Ok first thing is first. I want you to try the above suggestion with your network card. You could just go into device manager, and disable it altogether, and reboot. See if it still does it. My HJT option is a longshot at best, but we'll try it if we can't find anything else.

 
i usually reboot with all network devices disabled and still get the problem, but i'll try again.
 
erorr404 said:
i usually reboot with all network devices disabled and still get the problem, but i'll try again.
wow, apparently i was wrong :eek: ^^
the network adapters are the problem.. both of them. the wireless PCI network adapter causes a 10-15 second delay and onboard Realtek ethernet thing causes a 60 second delay.
thanks a lot.
do you think updating drivers on them will solve it?
 
Thats a good place to start. It could be windoze is goin a bit batty with both nw adapters trying to init at the same time. Update the drivers and let us know.

 
my onboard ethernet's drivers are up to date, wireless i dont know, but the ethernet ones are the biggest problem since they are causing the longest pause.
 
Are they trying (and failing) to get a DHCP address?
(If they're set to DHCP, try giving them static information and see if that changes anything.)
 
The easy way to see if you've got DHCP problems is trying to Repair the connections. If it takes a long time or fails, that's your problem right there. If it's fast and works, it's probably something else.
 
If both adapters used <10 seconds, it's most likely not the source of a 60-second delay, agreed. :)
(Still, it takes <1 second for me, so 10 seconds still sounds a bit slow. Not enough to bother looking into it, though.)
 
10 seconds is sorta acceptable.... most of my machines will take anywhere from 3-5 seconds, on my 2k domain. I have NEVER seen one do a repair(maybe a /renew after a /release... but NEVER a repair in WinXP) in less than 1 second.

QJ
 
actually i just noticed.. the repair DOES take exactly as long as the pause on startup is.
the repair for the wireless takes 13 seconds, and it takes around that time on startup for the task bar to un-freeze when the wireless network connection is enabled.
when the onboard ethernet is enabled, it takes about a minute to un-freeze, and it does take 63 seconds for the repair operation to complete (and fail).
so, it looks like i do have DHCP problems?

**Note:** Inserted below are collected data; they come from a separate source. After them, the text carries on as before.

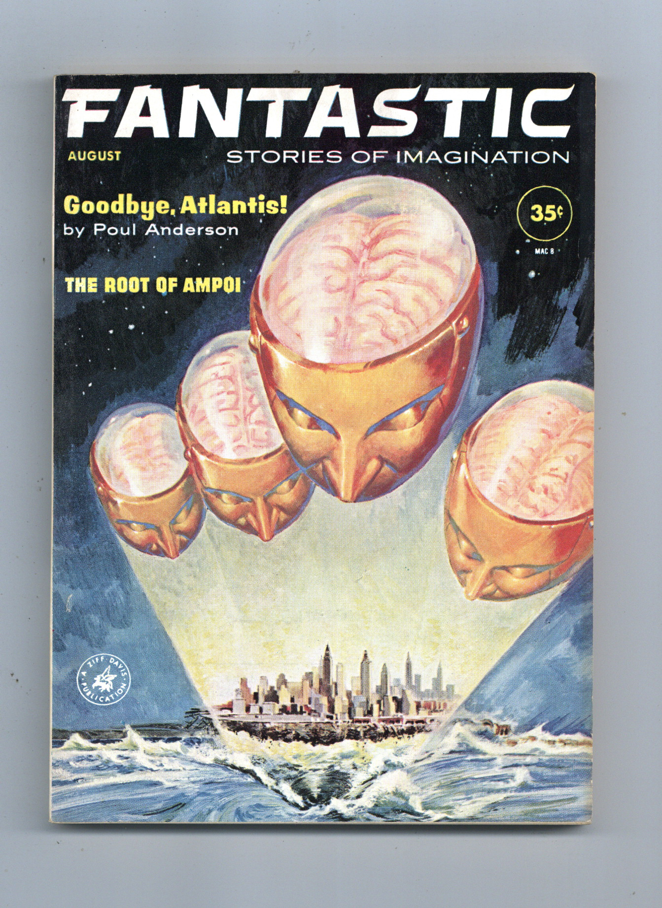 Published Aug 1961 by Ziff Davis.$10.00Aug 1961. Cover by Leo Summers. Science fiction and fantasy stories by Poul Anderson, Keith Laumer, Theodore L. Thomas, Clark Ashton Smith, Jack Sharkey, Arthur Porges, and Henry Slesar. Illustrations by Finlay, West, Adkins, Ivie, and Summers. 5.5-in. x 7.75-in.; black and white; 128 newsprint pages. Cover price $0.35.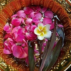 花や香水を入れてつくられた参拝用の聖水を、花や葉を使って仏像にかけていきます。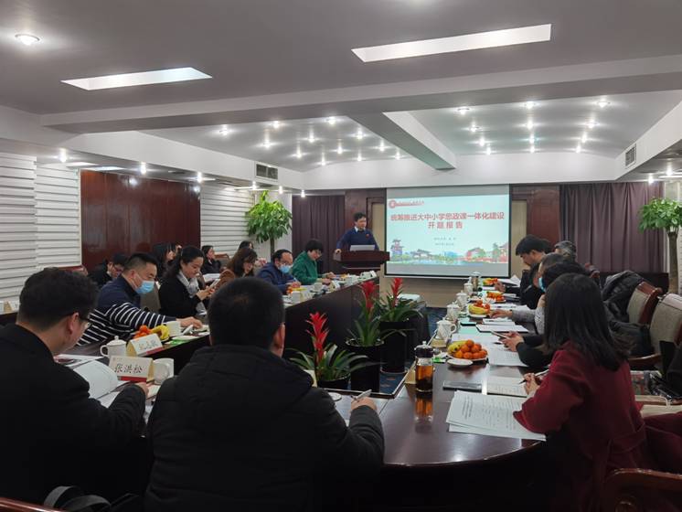 2021年1月23日,研究生院副教授吴宇博士承担的2020年度国家社会科学基金项目“统筹推进大中小学思政课一体化建设研究(批准号:20BKS196)”开题报告会暨首场学术研讨会在蓉顺利举行。本次会议得到了省市两级、成渝宜三地政府教育主管部门、有关大中小学、学校社科处的大力支持。教育部大中小学思政课一体化建设指导委员会委员、专家指导组成员、成都市龙江路小学常务副校长杨成兰,成都市委督查专员、政策理论研究专家白帆,成都市棕北小学校长徐映,成都市沙河源小学校长季志彬,成都市棕北中学副校长张东明,成都市华通成教育集团总裁林家锐,成都市棕北中学德育处主任、初中思政课教师杨应红,成都石室天府中学班主任、高中思政课教师景刚,成都市龙江路小学德育室副主任胡兴迪,成都市沙河源小学科研室副主任杨艳,yl23411永利(集团)有限公司官网社科处副处长、马克思主义学院教授张洪松,yl23411永利(集团)有限公司官网党委宣传部副部长、马克思主义学院教授纪志耿,yl23411永利(集团)有限公司官网马克思主义学院研究生思政课教研室党支部书记副教授陈加飞等专家领导应邀出席会议指导开题。会议由西华大学马克思主义学院副教授陈正芬主持。

heres some info that might be useful.. i dont think i set up my wired connection (dsl modem plugged into onboard LAN) correctly. in network connections, i must first enable "Local Area Connection" which is the Realtek 10/100 ethernet adapter, and only then can i dial a connection to connect to the internet by clicking on the broadband connection (that says WAN Miniport PPPOE).
this explains why the repair fails on the wired connection.. it doesn't necessarily mean im connected to the internet.
 
Try uninstalling the driver for the nic that's giving you the issue, and reinstalling.

 
i have the same issue as Erorr404, when i freshly install windows it boots normal but as soon as i install the nvidia network drivers i get that nice 60sec+ boot lag at the desktop it was very frustrating, i installed windows so much trying to figure it out, ive got my damn cd-key memorized lol.